ISSN 1881-6169

教育実践学研究
山梨大学教育人間科学部
附属教育実践総合センター
研究紀要 No.19(2014)
pp.9-24

 

 
題目:5歳児クラスの話し合いにおける論理的思考と直感的思考のゆらぎ:担任による実践記録からの分析
題目(英語):The fluctuation of logical versus intuition thinking observed in 5 year-old children’s utterances.
著者:塚越 奈美(TSUKAKOSHI Nami),荻原 ひろみ(OGIHARA Hiromi),山名 裕子(YAMANA Yuko)
要約:幼児期には論理的思考と直感的思考の区別があいまいなために生じる幅のようなゆらぎや, 年齢にともなっておこる混乱のようなゆらぎが存在する。本研究はこの問題を, 幼稚園5歳児クラスの実践記録の発話分析を通して検討したものである。

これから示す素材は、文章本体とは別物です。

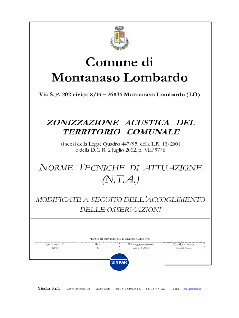 Commune di Montana so Lombardo Via S.P. 202 civic 8×B 26836 Montana so Lombardo (LO×ZONIZZAZIONE ACOUSTIC DEL TERRITORY COMMUNAL AI sense Della Legged Squadron 447×95, Della L.R. 13×2001 e Della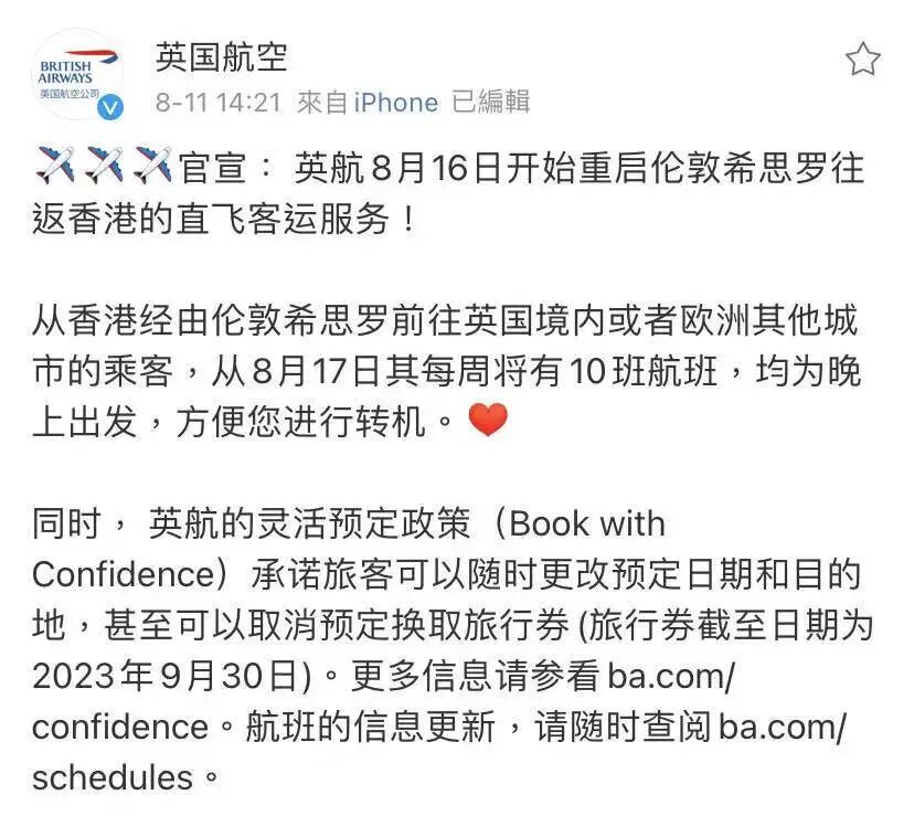 英航(British Airways)也表示将提供灵活的预定政策(Book with Confidence),承诺旅客可随时更改预定日期和目的地,甚至可以取消预定,以换取旅行券(旅行券截至日期为2023年9月30日)。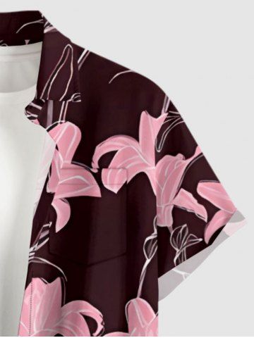 Plus Size Lily Flower Print Hawaii Button Pocket Shirt For Men - Rouge Foncé - 4xl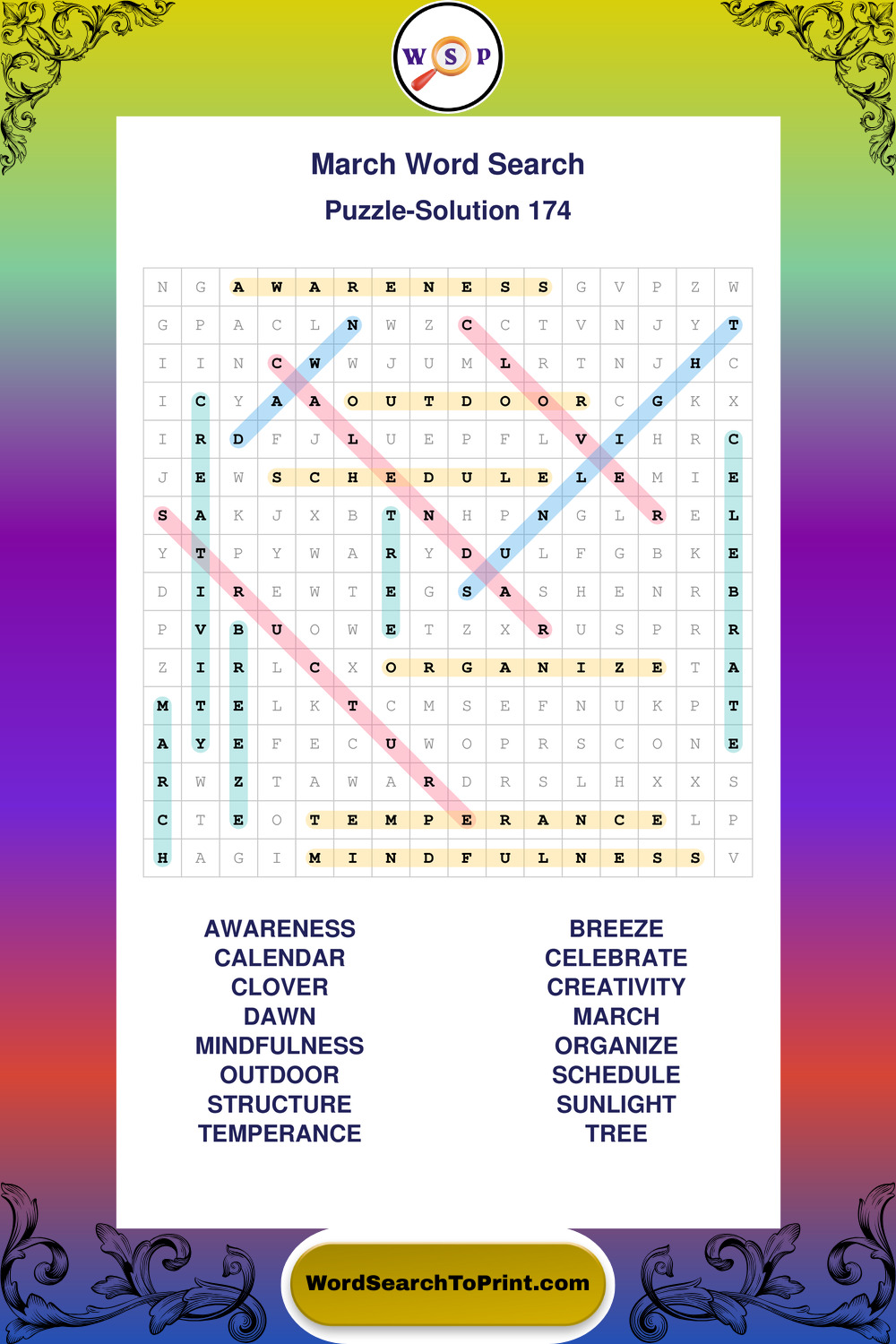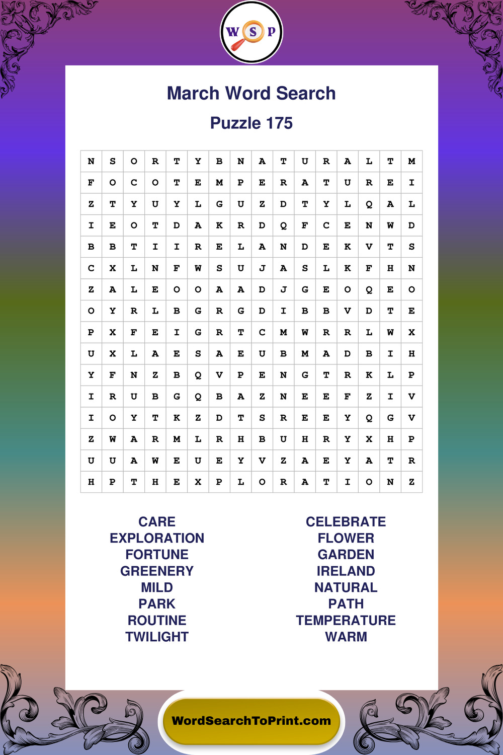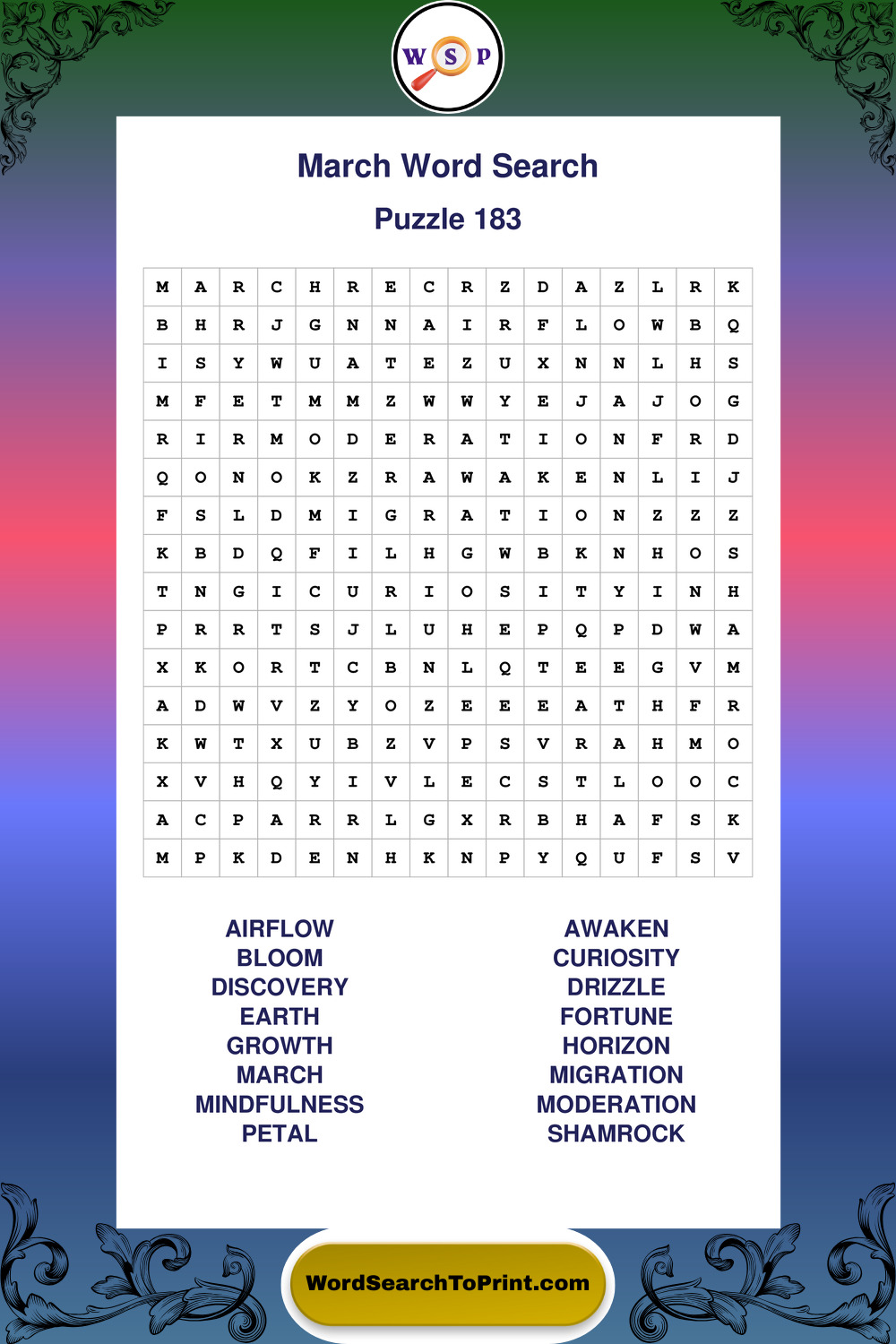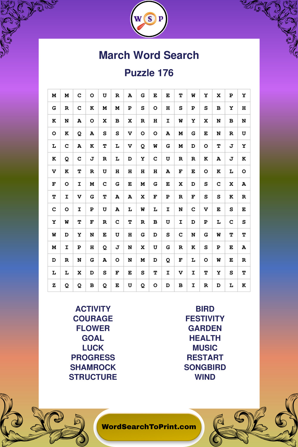 A relaxing collection of large print March wordsearches designed for comfortable solving and steady focus.

「野菜の収穫からさくら八百屋店開店まで(場面1)」では, 5歳児のお金に対する認識は,貨幣をやり取りするという社会的ルールを理解し始めている一方で, その価値は直観的で感覚的な側面が強いことが示唆された。「八百屋で得たお金の使い方の話し合いから,ねずみばあさんと秘密基地(場面2)」では, 架空の存在に対して多様な視点から語ることが出来るようになっていることが示唆された。両場面を通して, 5歳児は多面的に物事を見ることが可能になりはじめているが, 発言の意図やその背景にある思いがつながるためには保育者の援助が必要となることを議論した。